**PROBLEM TO SOLVE**
Quote the records exactly, starting at the first line and stopping after the line with "Corretor Gramado e"; skip the pictures.
======== MATERIAL SHOWN ========
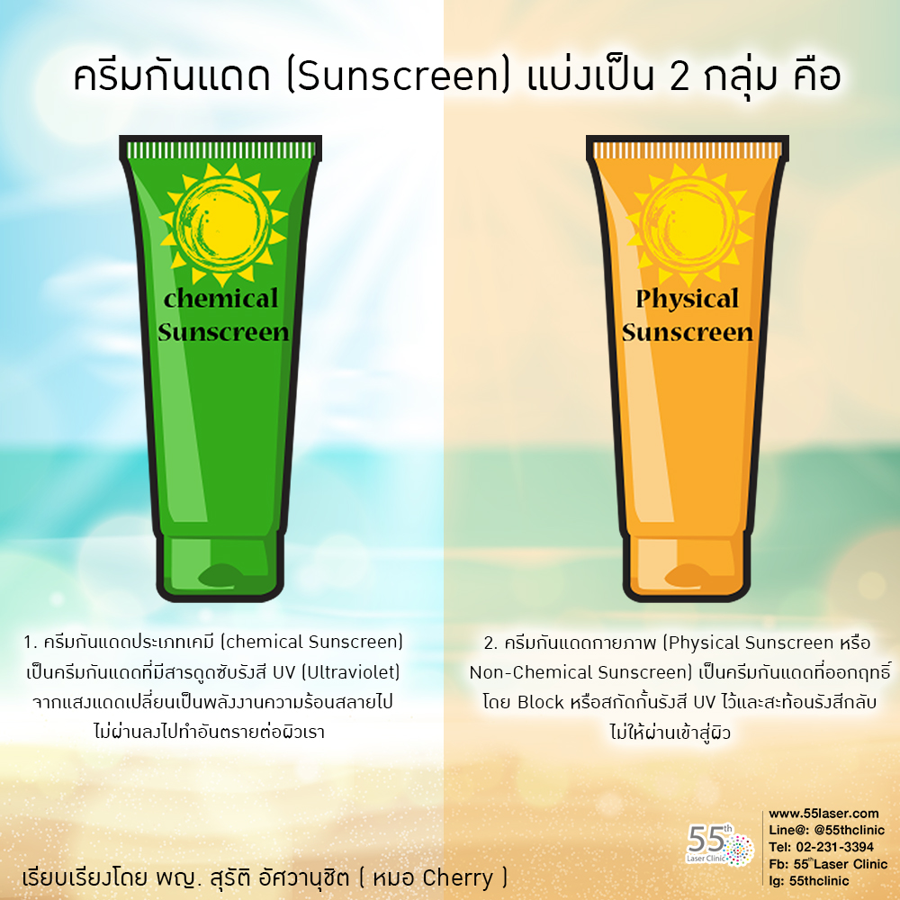 ครีมกันแดด (Sunscreen) แบ่งเป็น 2 กลุ่ม คือ
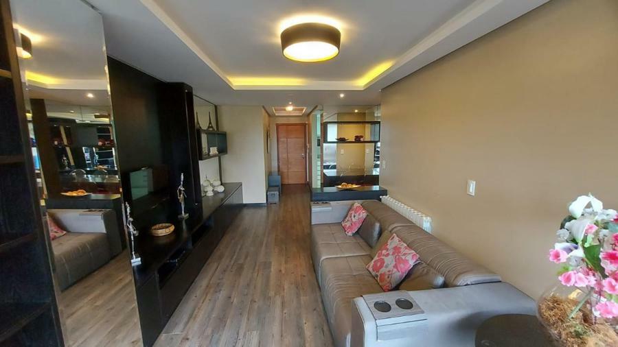 Corretor Gramado e Canela vende: Apartamento mobiliado com 2 dormitórios ( sendo 1 suíte), living amplo de estar e jantar integrados a cozinha americana com churrasqueira, área de serviço e vaga de garagem. Infraestrutura de lazer completa e o conforto de desfrutar da gastronomia e comercio do centro de Gramado sem tirar o carro da garagem.
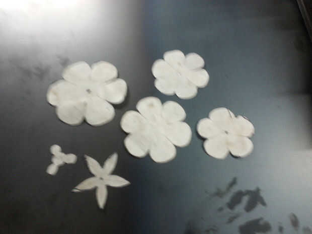 Lo primero, he hecho la plantilla en papel para tener una idea de cómo quería mi secciones de pétalo. La capa primera y más pequeña (o lo que será el capullo de rosa) es 3" de diámetro con 3 pétalos. la segunda capa es un 4" de diámetro dividido en 5 pétalos iguales. la tercera capa es un 5" diámetro con 6 secciones iguales. la cuarta y quinta capa son 6" diámetro con 6 secciones iguales. a continuación, la capa de la hoja final es 4" dividido en 5 hojas iguales. Y por último existe la opción de hacer pequeñas hojas a lo largo del tallo (se verá en el final pero son el mismo proceso que el resto) esto fue hecho con un compás y un transportador.
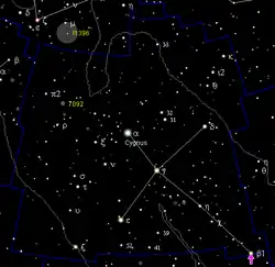 ![]() موقع النجم المزدوج منقار الدجاجة في كوكبة الدجاجة. | |
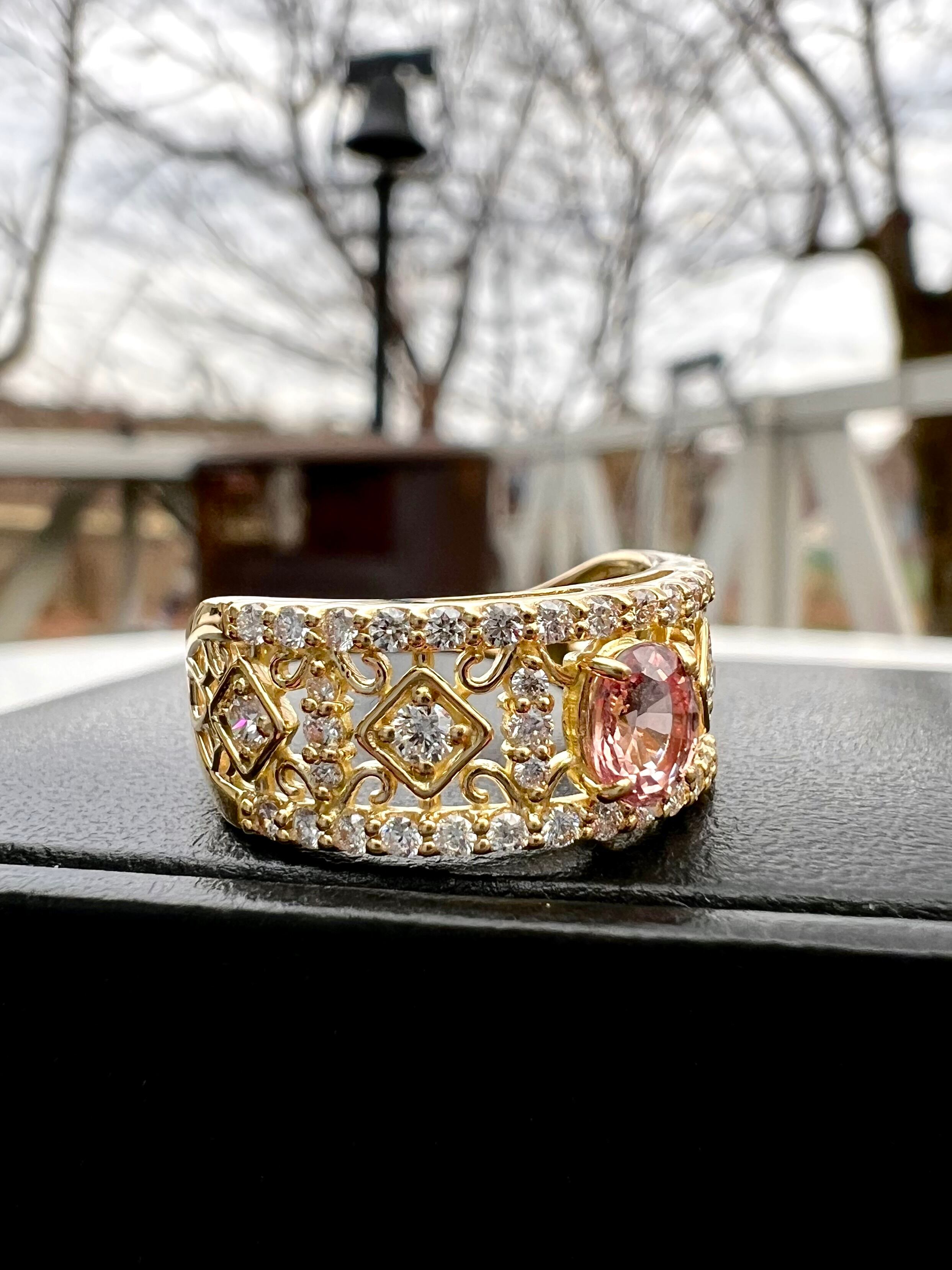 GIA 非加熱パパラチアサファイヤK18ダイヤモンドリング
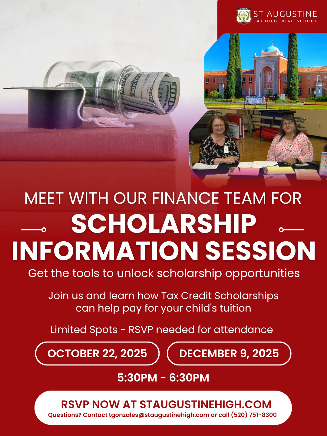 Join our Finance Team to learn how Tax Credit Scholarships can make a St. Augustine education affordable for your family. These sessions will walk you through how Arizona’s tax credit system works and how scholarships can help cover your child’s full tuition at St. Augustine Catholic High School.
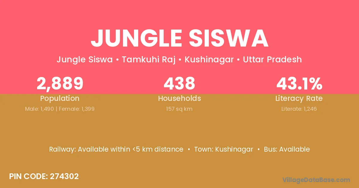 Jungle Siswa village has a total population of 2,889 people, of which 1,490 are males and 1,399 are females.
========
**ANSWER SPACE**
 ครีมกันแดด (Sunscreen) แบ่งเป็น 2 กลุ่ม คือ
 Corretor Gramado e Canela vende: Apartamento mobiliado com 2 dormitórios ( sendo 1 suíte), living amplo de estar e jantar integrados a cozinha americana com churrasqueira, área de serviço e vaga de garagem. Infraestrutura de lazer completa e o conforto de desfrutar da gastronomia e comercio do centro de Gramado sem tirar o carro da garagem.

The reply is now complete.